HIbiscus cannabinus Linn.
HIbiscus verrucosus Guill. & Perr.
HIbiscus unidens Lindl.
Abelmoschus verrucosus Walp.
Furcaria cavanillesii Kostel.
Da ma jin (Chin.)

Common names

Alas doce (Span., Tag.)
Bastard jute (Engl.)
Brown Indian hemp (Engl.)
Guinea hemp (Engl.)
Hemp hibiscus (Engl.)
Hibiscus hemp (Engl.)
Roselle hemp (Engl.)
Thorny mallow (Engl.)
Wild stockrose (Engl.)
Fu rong ma (Chin.)

Alas doce is an herb with smooth and prickly stems. Lower leaves are entire and heart-shaped, the upper ones are deeply palmately-lobed.

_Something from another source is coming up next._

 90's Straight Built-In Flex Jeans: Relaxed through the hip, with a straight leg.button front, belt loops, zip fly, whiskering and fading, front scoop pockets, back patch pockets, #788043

Sepals are bristly, lanceolate and connate below the middle, with a gland at the back of each. Corolla is large, spreading, yellow with a crimson center. Capsules are rounded and bristly. Seeds are nearly smooth.

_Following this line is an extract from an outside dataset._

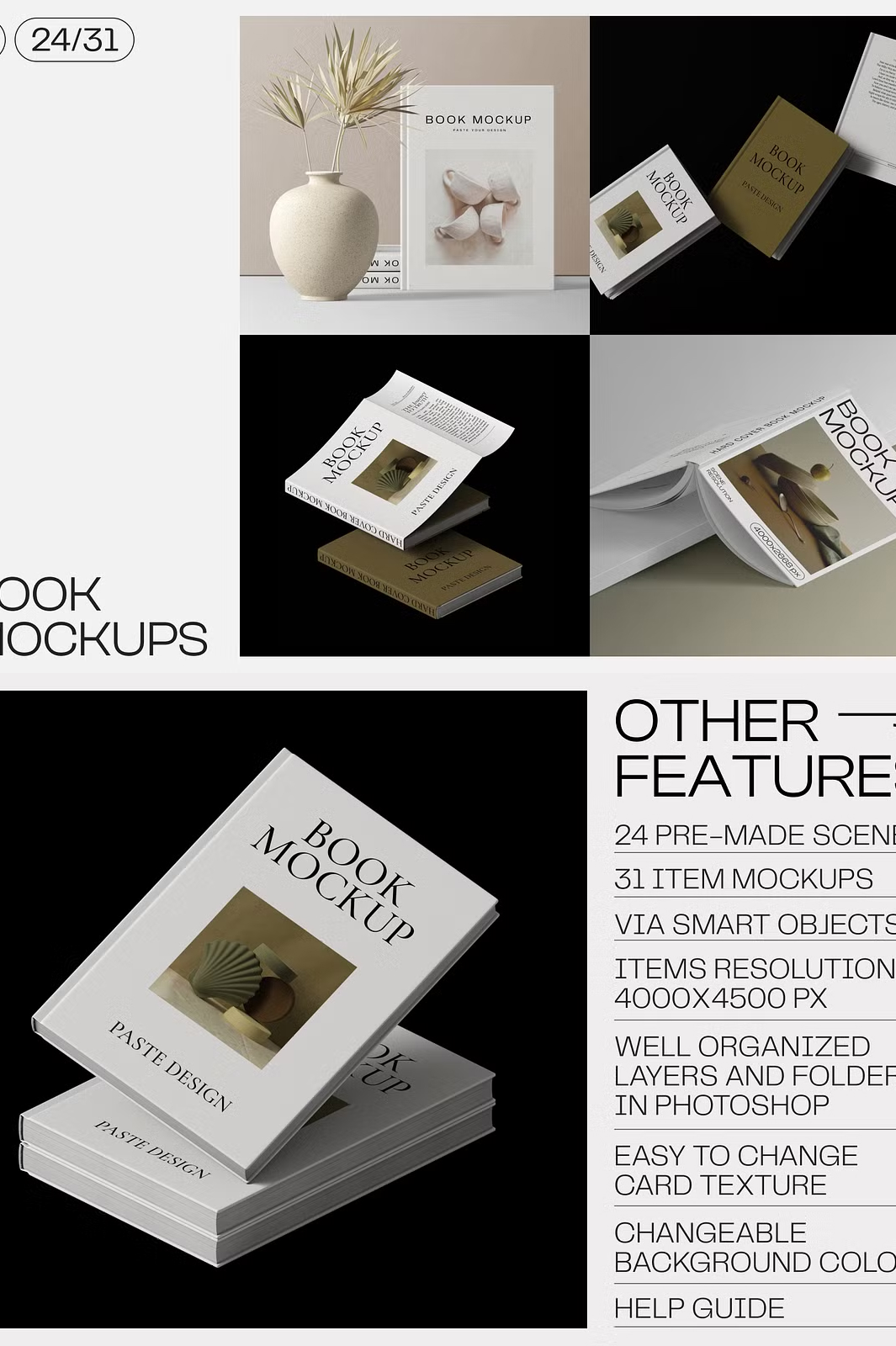 - π **31 Isolated Book Mockups** β Perfect for creating unique compositions.

– Planted for ornamental purposes but is scarcely naturalized.
– Found in the Bontoc and Pangasinan Provinces and in Manila.
– Old World native.
– Pantropic.

– Seeds yield 23.5% fixed oil.
– Whole plant has abundant polysaccharides, 9.7%; starch, dextrin, pectin, tannin, phosphatide, protein.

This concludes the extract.